§ **EXTRACTED ENTRIES**:
== == ==
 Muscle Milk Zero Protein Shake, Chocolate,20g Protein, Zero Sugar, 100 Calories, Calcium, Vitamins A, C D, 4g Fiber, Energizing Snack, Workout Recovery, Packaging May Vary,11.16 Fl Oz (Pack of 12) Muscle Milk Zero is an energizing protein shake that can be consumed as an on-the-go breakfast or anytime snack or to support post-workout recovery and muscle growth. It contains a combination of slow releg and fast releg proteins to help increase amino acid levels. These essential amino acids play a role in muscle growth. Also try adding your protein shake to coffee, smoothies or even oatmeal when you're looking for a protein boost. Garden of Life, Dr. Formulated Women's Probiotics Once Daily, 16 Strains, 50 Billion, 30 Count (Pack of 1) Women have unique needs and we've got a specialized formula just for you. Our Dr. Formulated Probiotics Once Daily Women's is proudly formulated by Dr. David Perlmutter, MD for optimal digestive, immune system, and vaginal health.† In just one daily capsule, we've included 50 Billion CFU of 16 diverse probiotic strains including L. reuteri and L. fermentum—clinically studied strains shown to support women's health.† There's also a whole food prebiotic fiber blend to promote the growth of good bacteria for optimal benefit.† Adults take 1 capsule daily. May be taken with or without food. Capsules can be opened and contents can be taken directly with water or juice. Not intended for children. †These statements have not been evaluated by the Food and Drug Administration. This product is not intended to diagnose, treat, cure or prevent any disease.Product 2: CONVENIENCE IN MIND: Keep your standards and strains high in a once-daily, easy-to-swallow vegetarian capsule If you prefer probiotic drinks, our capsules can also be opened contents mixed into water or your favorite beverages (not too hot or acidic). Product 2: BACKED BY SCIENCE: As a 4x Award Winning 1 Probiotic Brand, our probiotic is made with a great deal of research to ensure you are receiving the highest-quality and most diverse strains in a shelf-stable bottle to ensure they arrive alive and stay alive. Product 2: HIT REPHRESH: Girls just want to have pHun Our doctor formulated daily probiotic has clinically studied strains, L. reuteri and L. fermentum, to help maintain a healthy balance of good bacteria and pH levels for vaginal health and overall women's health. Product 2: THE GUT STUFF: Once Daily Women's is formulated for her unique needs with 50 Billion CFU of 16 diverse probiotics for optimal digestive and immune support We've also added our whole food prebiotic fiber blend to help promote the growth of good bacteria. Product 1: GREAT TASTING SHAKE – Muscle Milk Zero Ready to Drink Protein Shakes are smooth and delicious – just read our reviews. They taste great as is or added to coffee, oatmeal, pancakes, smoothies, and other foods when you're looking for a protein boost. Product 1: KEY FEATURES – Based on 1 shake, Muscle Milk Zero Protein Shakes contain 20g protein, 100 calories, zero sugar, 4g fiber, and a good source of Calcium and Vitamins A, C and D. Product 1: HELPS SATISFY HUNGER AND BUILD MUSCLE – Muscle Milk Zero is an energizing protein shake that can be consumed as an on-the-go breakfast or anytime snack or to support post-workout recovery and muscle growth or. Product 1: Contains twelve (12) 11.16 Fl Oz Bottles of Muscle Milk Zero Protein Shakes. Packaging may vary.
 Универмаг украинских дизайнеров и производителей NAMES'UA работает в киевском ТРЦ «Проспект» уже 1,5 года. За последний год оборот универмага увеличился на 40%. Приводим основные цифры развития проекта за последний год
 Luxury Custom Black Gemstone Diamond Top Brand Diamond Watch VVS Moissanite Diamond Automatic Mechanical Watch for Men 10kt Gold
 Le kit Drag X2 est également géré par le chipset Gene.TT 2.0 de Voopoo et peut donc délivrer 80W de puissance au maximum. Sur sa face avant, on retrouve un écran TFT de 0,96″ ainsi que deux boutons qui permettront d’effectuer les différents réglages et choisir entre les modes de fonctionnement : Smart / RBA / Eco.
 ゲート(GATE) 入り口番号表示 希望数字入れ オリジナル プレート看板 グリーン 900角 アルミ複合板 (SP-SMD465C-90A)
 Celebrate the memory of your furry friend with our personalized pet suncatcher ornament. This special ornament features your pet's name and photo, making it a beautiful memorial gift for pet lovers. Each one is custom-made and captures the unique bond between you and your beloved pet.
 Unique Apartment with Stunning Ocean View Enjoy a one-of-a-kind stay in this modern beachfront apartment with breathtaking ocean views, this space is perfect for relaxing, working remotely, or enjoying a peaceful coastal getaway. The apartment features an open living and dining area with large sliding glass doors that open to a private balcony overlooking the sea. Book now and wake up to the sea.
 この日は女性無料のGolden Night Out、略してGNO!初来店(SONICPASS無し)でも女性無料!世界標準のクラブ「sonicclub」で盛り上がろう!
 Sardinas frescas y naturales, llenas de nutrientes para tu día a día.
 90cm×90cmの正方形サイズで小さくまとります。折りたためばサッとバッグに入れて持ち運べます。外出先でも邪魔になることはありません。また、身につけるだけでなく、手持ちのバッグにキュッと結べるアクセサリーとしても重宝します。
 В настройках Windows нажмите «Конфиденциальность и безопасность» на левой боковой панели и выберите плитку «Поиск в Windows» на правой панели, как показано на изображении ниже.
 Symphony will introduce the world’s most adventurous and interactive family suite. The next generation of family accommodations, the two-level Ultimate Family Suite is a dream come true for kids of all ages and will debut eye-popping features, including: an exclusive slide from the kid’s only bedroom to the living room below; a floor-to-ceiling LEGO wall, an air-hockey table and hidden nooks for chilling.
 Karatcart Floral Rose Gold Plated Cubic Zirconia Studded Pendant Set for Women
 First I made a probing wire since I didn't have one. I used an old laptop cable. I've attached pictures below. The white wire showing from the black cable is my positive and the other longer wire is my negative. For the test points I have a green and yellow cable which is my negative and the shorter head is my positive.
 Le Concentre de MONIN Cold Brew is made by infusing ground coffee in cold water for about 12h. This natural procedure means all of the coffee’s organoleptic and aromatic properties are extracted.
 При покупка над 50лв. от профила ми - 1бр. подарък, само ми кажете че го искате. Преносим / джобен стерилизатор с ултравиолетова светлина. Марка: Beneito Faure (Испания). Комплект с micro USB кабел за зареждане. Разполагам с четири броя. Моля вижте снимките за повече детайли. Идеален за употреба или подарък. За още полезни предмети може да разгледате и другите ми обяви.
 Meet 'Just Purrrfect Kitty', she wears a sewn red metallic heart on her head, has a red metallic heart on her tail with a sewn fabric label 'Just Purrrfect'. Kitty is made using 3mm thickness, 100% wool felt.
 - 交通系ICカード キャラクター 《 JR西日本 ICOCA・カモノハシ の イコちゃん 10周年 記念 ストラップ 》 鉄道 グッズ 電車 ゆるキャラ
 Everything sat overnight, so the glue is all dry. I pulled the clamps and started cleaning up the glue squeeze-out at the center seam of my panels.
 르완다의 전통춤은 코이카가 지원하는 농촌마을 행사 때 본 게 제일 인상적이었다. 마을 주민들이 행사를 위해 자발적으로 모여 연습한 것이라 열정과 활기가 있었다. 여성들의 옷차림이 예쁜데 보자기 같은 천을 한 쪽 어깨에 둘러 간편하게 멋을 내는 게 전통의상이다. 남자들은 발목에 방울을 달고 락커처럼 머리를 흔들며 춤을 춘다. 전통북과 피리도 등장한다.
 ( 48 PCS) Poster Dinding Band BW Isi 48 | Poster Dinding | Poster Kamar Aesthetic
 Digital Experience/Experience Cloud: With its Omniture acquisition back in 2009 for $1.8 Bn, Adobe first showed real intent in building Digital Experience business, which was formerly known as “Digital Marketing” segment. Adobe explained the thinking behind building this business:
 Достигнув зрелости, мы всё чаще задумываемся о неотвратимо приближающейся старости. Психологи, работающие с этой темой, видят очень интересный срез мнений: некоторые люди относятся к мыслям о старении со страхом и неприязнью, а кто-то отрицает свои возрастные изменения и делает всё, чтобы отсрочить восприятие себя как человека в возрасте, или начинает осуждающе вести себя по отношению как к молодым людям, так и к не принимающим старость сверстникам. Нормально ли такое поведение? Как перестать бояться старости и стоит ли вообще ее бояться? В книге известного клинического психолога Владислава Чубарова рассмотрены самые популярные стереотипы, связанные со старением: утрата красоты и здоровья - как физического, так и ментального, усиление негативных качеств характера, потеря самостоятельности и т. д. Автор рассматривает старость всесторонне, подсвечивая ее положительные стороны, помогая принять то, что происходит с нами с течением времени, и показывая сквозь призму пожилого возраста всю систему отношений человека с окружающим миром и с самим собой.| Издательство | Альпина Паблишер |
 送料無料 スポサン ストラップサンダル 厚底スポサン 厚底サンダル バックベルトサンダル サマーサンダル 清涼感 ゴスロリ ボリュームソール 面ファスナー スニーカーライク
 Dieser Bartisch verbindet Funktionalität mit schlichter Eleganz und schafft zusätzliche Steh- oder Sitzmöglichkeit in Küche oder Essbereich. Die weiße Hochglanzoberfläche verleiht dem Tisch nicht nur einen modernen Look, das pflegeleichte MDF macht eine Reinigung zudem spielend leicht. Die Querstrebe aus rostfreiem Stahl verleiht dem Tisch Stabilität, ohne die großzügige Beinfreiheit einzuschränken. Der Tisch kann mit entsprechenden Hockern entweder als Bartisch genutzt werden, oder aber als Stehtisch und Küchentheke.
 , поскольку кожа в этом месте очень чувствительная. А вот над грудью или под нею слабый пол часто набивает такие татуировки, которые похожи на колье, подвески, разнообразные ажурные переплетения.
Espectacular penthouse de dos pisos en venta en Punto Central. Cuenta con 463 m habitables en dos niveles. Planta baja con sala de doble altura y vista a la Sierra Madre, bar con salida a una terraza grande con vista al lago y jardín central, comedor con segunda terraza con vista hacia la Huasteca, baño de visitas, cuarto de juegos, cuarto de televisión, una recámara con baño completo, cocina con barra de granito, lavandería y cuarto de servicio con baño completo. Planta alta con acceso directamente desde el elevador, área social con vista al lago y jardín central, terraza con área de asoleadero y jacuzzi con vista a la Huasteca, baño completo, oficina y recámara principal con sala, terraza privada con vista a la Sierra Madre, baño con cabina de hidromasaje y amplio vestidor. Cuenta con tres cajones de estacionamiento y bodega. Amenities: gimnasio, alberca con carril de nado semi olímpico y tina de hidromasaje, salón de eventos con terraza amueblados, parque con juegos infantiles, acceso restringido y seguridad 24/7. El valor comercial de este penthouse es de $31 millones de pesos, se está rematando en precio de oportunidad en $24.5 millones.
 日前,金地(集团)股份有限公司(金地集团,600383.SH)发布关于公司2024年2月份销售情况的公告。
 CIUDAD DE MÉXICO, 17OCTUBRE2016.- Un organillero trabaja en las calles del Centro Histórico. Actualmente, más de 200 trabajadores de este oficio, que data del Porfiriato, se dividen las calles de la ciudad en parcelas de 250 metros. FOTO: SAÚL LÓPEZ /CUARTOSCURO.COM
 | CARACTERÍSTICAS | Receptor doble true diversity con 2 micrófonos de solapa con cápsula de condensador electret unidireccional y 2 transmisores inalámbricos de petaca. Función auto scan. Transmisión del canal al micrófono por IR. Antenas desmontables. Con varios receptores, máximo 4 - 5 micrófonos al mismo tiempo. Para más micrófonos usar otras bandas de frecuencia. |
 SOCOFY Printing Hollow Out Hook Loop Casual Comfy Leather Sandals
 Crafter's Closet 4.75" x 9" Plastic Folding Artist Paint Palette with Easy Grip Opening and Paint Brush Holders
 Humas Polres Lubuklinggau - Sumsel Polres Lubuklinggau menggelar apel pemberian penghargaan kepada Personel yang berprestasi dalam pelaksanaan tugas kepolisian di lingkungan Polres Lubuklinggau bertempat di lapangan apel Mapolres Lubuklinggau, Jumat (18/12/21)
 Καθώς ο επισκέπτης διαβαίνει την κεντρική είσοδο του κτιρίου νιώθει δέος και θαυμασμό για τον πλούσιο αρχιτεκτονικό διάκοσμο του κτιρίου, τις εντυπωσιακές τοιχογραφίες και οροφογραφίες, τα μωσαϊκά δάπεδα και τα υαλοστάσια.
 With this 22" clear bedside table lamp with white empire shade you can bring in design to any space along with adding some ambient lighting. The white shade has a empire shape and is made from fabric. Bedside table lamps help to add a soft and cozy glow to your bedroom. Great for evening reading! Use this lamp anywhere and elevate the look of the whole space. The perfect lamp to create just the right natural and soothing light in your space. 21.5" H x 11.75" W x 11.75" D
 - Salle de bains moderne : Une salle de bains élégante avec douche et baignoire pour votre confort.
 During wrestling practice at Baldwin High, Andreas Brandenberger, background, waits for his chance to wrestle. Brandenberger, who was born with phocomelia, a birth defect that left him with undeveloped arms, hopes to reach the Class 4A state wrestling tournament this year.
== == ==
§ **WHAT THE TASK ASKS**: Begin at the line containing "Καθώς ο επισκέπτης" and reproduce every line through the last one in the records above, exactly.

§ **ANSWER BOX**:
 Καθώς ο επισκέπτης διαβαίνει την κεντρική είσοδο του κτιρίου νιώθει δέος και θαυμασμό για τον πλούσιο αρχιτεκτονικό διάκοσμο του κτιρίου, τις εντυπωσιακές τοιχογραφίες και οροφογραφίες, τα μωσαϊκά δάπεδα και τα υαλοστάσια.
 With this 22" clear bedside table lamp with white empire shade you can bring in design to any space along with adding some ambient lighting. The white shade has a empire shape and is made from fabric. Bedside table lamps help to add a soft and cozy glow to your bedroom. Great for evening reading! Use this lamp anywhere and elevate the look of the whole space. The perfect lamp to create just the right natural and soothing light in your space. 21.5" H x 11.75" W x 11.75" D
 - Salle de bains moderne : Une salle de bains élégante avec douche et baignoire pour votre confort.
 During wrestling practice at Baldwin High, Andreas Brandenberger, background, waits for his chance to wrestle. Brandenberger, who was born with phocomelia, a birth defect that left him with undeveloped arms, hopes to reach the Class 4A state wrestling tournament this year.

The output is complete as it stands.